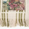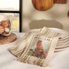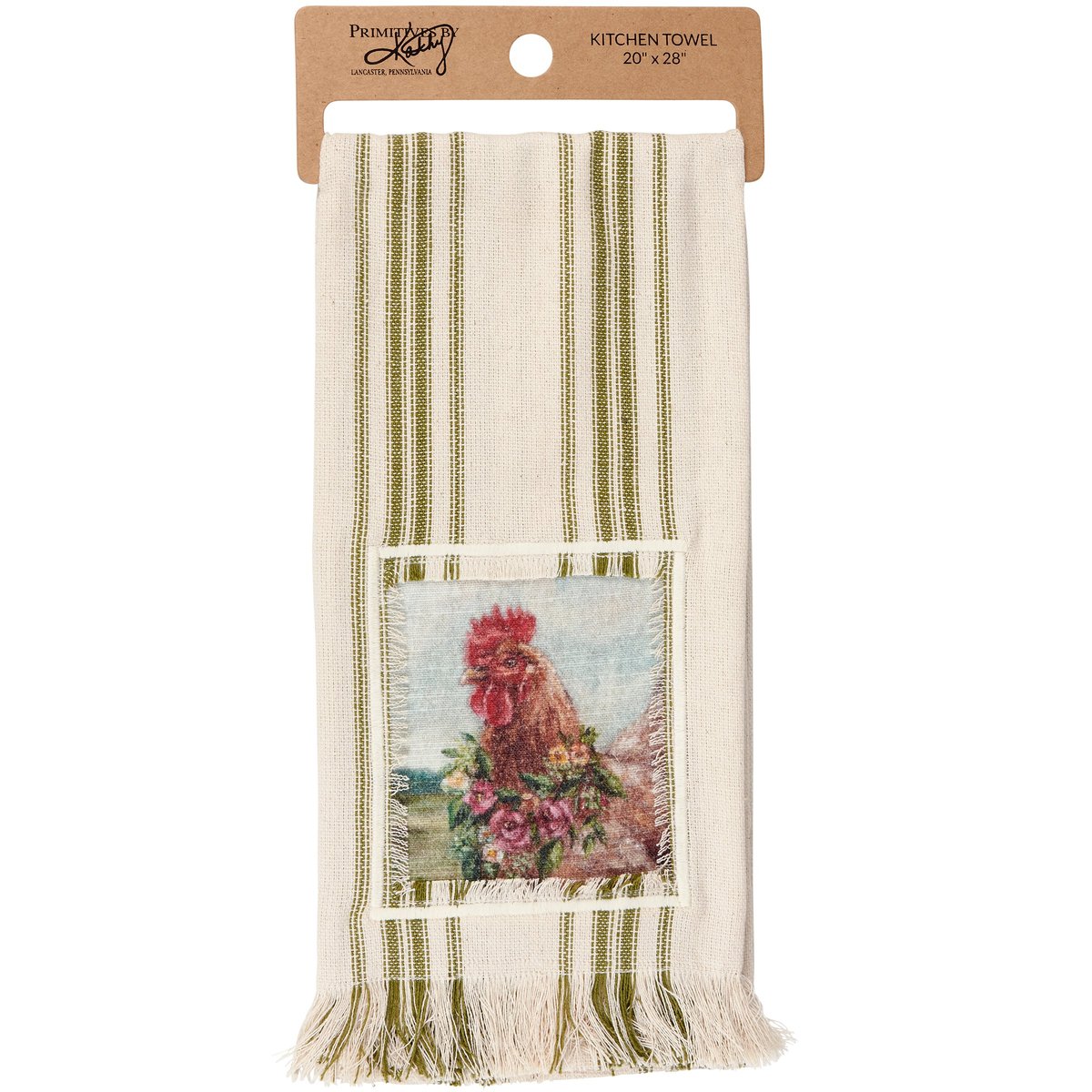 A cream cotton kitchen towel from our Easter & Spring Collection featuring a stitched art panel with frayed border and woven green stripe designs throughout. Design displays a farm chicken wearing a wreath of vibrant spring flowers replicated from original artwork painted onto burlap canvas, giving the art a unique depth and texture. Our Floral Chicken kitchen towel is machine-washable for convenient cleaning. Packaged on a cardboard hanger with hole to easily display on rack. A rustic spring-themed kitchen accessory perfect for everyday use.
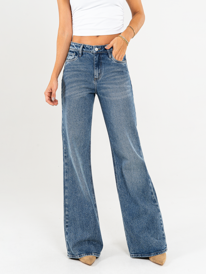 Ref: 065436 Jean flare stretch, bota ancha, tiro medio, tono azul medio
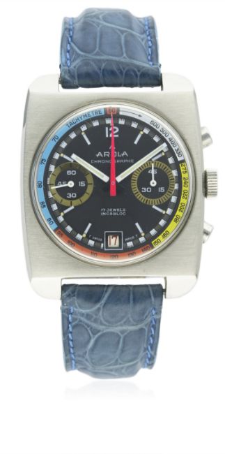 A GENTLEMAN'S STAINLESS STEEL AROLA CHRONOGRAPH WRIST WATCH CIRCA 1970s D: Black dial with grey markers & chequered tracking, double register recording minutes & continuous seconds, multicoloured outer tachymetre scale, red centre chronograph hand, date aperture. M: 17 jewel manual wind incabloc movement, Valjoux calibre 7734. C: Square shaped case, starfish emblem embossed on case back, numbered, case width measures approx. 36mm. S: Blue leather strap. CONDITION REPORTD: Original dial in excellent condition. M: Working at present. C: In excellent condition. S: In good condition.  D: Dial / M: Movement / C: Case / S: Strap / B: Bracelet
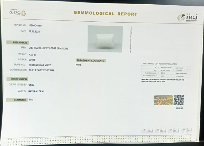 Beautiful 4.03 Cts Natural Opal (Top-Mines) sva 4+ Ratti OPAL. Free Horoscope & Free Pundit Ji Astrological Advise / Consultation. Original Natural Lab certified gems by IGI GTL / Birth stones / Large Gem Selection of shree shubh Rashi Ratan Vedic dhan at Gem Mines. May Bhagwan Brahma, Vishnu, Shiv & Universe bless you.
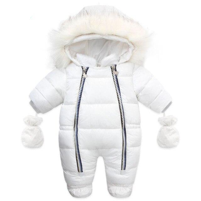 Vit långärmad jumpsuit med vantar och huva i fuskpäls

### WORK REQUEST
Go to the line with "Beautiful 4.03 Cts" in the entries above. Reproduce that line and each one after it to the end, exactly and without the pictures.

### RESPONSE BOX
 Beautiful 4.03 Cts Natural Opal (Top-Mines) sva 4+ Ratti OPAL. Free Horoscope & Free Pundit Ji Astrological Advise / Consultation. Original Natural Lab certified gems by IGI GTL / Birth stones / Large Gem Selection of shree shubh Rashi Ratan Vedic dhan at Gem Mines. May Bhagwan Brahma, Vishnu, Shiv & Universe bless you.
 Vit långärmad jumpsuit med vantar och huva i fuskpäls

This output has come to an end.